Pay-TV had a record Q2, but it wasn't one for service providers to be proud of.
Fueled by video cord-cutting and the end of deeply discounted service promotions, the largest US pay-TV providers, representing about 93% of the market, lost a record 1.53 million video subs in Q2 2019, according to an analysis from Leichtman Research Group (LRG).
Those steep losses compared to a net loss of about 420,000 pay-TV subs in the year-ago quarter, LRG said, noting the sharp losses are also entering play as some providers put more focus on gaining and retaining higher-end, more profitable subscribers.
Satellite TV took it particularly hard, with DirecTV and Dish Network combining to lose a whopping 855,000 subs in Q2. Over the past year, US satellite TV providers have lost about 3.75 million subs, much greater than the 1.59 million they lost over the previous 12-month period, LRG said.
The top seven US cable operators covered by LRG's study lost 455,000 video subs in Q2 2019, widened from a year-ago loss of 275,000 subs. LRG said the Q2 2019 losses were the greatest among US cable operators since Q2 2014.
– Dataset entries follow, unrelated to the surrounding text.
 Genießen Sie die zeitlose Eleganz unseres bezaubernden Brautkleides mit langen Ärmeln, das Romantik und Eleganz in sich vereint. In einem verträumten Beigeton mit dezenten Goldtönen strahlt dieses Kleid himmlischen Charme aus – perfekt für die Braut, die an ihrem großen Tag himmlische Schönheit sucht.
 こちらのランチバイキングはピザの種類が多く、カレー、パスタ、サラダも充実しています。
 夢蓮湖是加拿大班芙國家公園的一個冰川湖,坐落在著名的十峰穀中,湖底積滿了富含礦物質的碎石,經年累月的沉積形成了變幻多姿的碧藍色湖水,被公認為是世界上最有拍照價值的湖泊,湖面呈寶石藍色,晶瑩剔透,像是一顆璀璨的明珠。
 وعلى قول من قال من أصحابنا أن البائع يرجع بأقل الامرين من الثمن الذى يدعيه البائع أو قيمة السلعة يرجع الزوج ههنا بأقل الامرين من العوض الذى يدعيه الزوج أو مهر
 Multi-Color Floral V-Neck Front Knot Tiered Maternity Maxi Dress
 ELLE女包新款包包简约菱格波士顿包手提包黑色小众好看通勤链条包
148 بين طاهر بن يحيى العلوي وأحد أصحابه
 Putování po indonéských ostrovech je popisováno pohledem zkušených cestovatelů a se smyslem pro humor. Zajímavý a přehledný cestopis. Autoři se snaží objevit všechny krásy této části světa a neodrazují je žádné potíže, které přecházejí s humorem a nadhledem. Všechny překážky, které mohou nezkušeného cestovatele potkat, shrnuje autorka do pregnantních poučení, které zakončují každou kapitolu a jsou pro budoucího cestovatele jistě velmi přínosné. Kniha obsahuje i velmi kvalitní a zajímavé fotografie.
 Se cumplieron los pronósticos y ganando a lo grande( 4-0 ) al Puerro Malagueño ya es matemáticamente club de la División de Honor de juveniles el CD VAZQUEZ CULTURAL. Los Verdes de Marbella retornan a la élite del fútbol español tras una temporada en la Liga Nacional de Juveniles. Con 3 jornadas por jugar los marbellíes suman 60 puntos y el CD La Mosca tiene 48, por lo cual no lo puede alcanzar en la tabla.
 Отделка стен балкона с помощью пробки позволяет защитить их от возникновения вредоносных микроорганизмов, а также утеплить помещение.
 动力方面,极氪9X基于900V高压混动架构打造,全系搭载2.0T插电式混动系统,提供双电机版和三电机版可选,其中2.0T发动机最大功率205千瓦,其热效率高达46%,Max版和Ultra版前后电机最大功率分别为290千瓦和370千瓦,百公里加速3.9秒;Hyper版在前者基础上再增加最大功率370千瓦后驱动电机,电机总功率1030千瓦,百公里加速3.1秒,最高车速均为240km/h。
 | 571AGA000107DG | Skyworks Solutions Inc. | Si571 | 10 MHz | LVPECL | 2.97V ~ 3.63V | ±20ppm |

The top US telco TV providers (Verizon Fios, AT&T U-verse and Frontier) dumped 100,000 video subs in the period, more than doubling their combined loss of 45,000 in the year-ago period.
Internet-delivered services from virtual MVPDs still aren't making up the difference. Sling TV and DirecTV Now (which is being rebranded as AT&T TV Now) actually lost 120,000 subs in Q2 (Sling TV gained 48,000 while DirecTV Now lost 168,000), versus a year-ago net gain of 385,000.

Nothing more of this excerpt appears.